Available records:
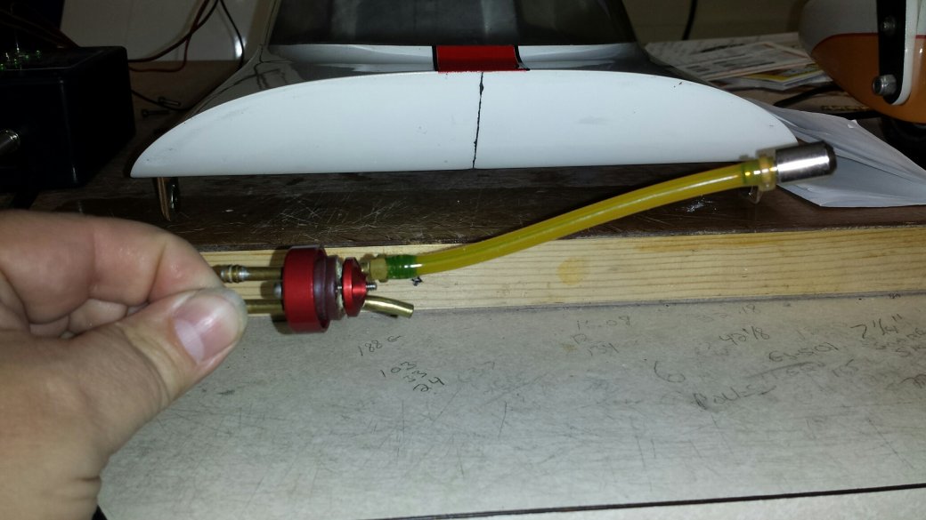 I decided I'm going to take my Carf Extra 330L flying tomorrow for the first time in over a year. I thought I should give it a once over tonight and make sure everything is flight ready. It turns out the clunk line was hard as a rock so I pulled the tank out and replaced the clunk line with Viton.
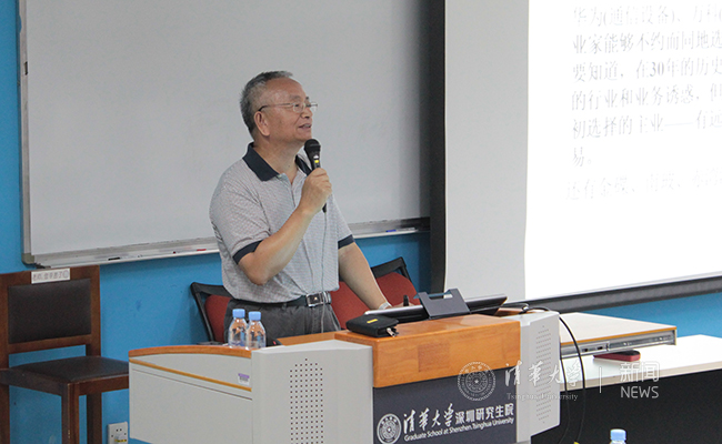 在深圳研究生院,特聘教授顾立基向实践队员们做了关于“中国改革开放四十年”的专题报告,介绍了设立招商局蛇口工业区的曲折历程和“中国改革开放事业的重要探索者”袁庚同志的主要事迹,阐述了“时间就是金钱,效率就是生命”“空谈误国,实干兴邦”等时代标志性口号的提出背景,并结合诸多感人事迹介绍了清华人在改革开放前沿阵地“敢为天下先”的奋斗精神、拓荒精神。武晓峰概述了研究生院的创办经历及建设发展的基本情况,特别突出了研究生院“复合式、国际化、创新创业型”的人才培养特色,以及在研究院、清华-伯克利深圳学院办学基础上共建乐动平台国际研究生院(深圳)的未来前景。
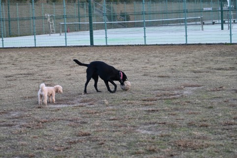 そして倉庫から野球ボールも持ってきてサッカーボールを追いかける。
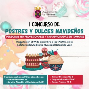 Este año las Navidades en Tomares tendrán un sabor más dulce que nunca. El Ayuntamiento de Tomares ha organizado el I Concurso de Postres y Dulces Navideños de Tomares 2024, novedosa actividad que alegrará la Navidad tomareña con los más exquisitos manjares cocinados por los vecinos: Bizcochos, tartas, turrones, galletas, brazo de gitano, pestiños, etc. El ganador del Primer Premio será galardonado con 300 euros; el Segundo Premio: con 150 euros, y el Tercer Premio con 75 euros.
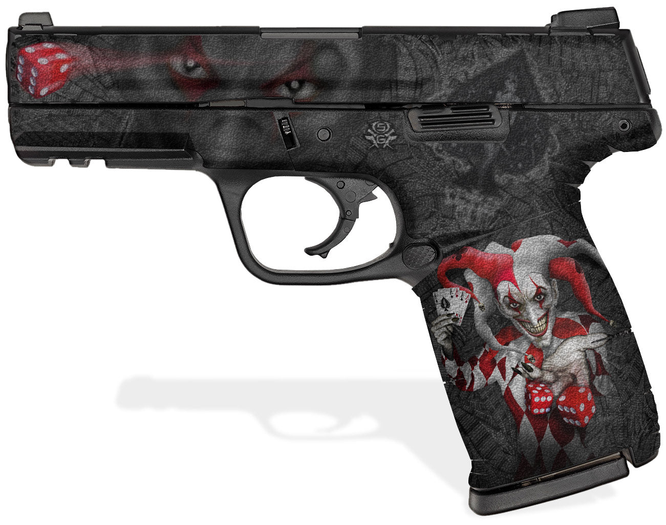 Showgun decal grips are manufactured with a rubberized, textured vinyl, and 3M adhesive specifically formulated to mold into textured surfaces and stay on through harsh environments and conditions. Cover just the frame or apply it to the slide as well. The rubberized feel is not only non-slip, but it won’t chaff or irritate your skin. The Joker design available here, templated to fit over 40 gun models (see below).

Exercise: Would you return the whole listing above exactly as written, skipping any image?

Exercise output:
 I decided I'm going to take my Carf Extra 330L flying tomorrow for the first time in over a year. I thought I should give it a once over tonight and make sure everything is flight ready. It turns out the clunk line was hard as a rock so I pulled the tank out and replaced the clunk line with Viton.
 在深圳研究生院,特聘教授顾立基向实践队员们做了关于“中国改革开放四十年”的专题报告,介绍了设立招商局蛇口工业区的曲折历程和“中国改革开放事业的重要探索者”袁庚同志的主要事迹,阐述了“时间就是金钱,效率就是生命”“空谈误国,实干兴邦”等时代标志性口号的提出背景,并结合诸多感人事迹介绍了清华人在改革开放前沿阵地“敢为天下先”的奋斗精神、拓荒精神。武晓峰概述了研究生院的创办经历及建设发展的基本情况,特别突出了研究生院“复合式、国际化、创新创业型”的人才培养特色,以及在研究院、清华-伯克利深圳学院办学基础上共建乐动平台国际研究生院(深圳)的未来前景。
 そして倉庫から野球ボールも持ってきてサッカーボールを追いかける。
 Este año las Navidades en Tomares tendrán un sabor más dulce que nunca. El Ayuntamiento de Tomares ha organizado el I Concurso de Postres y Dulces Navideños de Tomares 2024, novedosa actividad que alegrará la Navidad tomareña con los más exquisitos manjares cocinados por los vecinos: Bizcochos, tartas, turrones, galletas, brazo de gitano, pestiños, etc. El ganador del Primer Premio será galardonado con 300 euros; el Segundo Premio: con 150 euros, y el Tercer Premio con 75 euros.
 Showgun decal grips are manufactured with a rubberized, textured vinyl, and 3M adhesive specifically formulated to mold into textured surfaces and stay on through harsh environments and conditions. Cover just the frame or apply it to the slide as well. The rubberized feel is not only non-slip, but it won’t chaff or irritate your skin. The Joker design available here, templated to fit over 40 gun models (see below).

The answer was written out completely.